Sunday, September 2, 2007

Psycho 2

I had some rather mixed feelings going into this one. While I had heard some rather good things about it, sequels to horror movies are generally a pretty major step down from the original (assuming, of course, that the original was any good), particularly ones that get made over twenty years after the first. The only reason I got this, in fact, was because of its recent DVD release along with Psycho 3 and 4 in one $11 set. At that kind of price, it could have been four and a half hours of Anthony Perkins watching TV with ominous music playing and it would have been okay.

As it turned out, though, I needn’t have worried. This is one of the rare cases where a sequel winds up being every bit as good as the first one. It’s smart, it manages to play off of the original film without ever repeating it, it has a clever ending; in short it has everything a person could possibly want in a follow-up to a classic. This is despite the rather worrisome beginning, where they replay the shower scene from the original, in the rather dubious concern that there would be a single person in existence that would watch this film without having already seen the original.

The plot follows Norman Bates, freshly cured and out of the sanitarium, as he tries to adjust to life as a free man, while still being plagued by the memories of his mother.
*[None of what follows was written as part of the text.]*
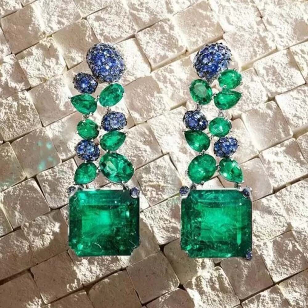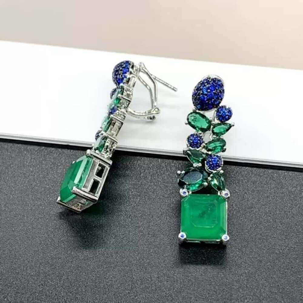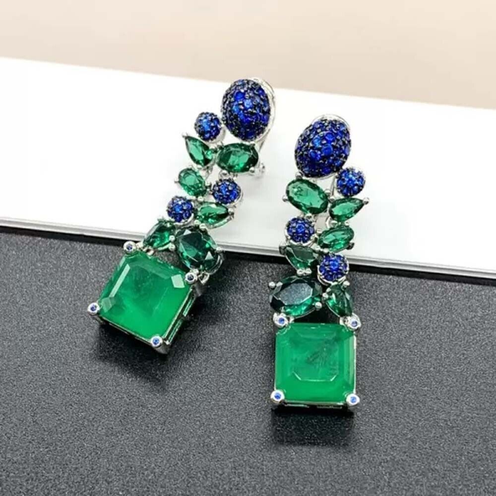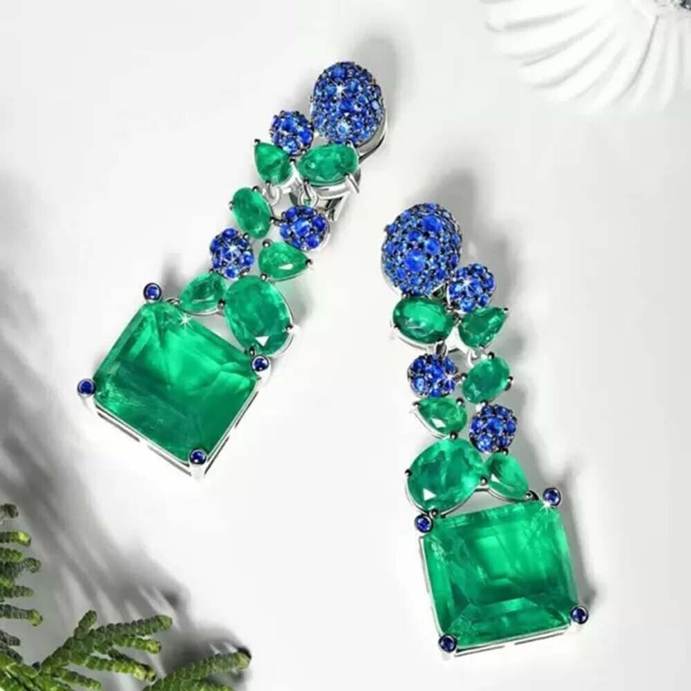 11 Ctw Created Sapphire & Emerald 14K White Gold Plated Gifts Statement Earrings

Soon, as we are all waiting for, the bodies begin to pile up, and it’s a case of trying to figure out if Norman has slipped back into his old habits, or if family of his earlier victims is now trying to frame him and get him locked up again. It provides for some genuinely tense moments as we see Norman slipping dangerously close to his old dementia, and there’s quality acting from just about everyone in the film, and from Perkins especially. There are also some clever nods to the original, as when there’s another stabbing near the end that plays as a nice twist on the old shower stabbing, and a final summation by the police that cleverly echoes the original summation, while also being completely wrong. I freely admit that most of the films I praise on this blog are great trash and nothing more, but this is actually a great film without any caveats needed. Go get the three pack now, you won’t regret it.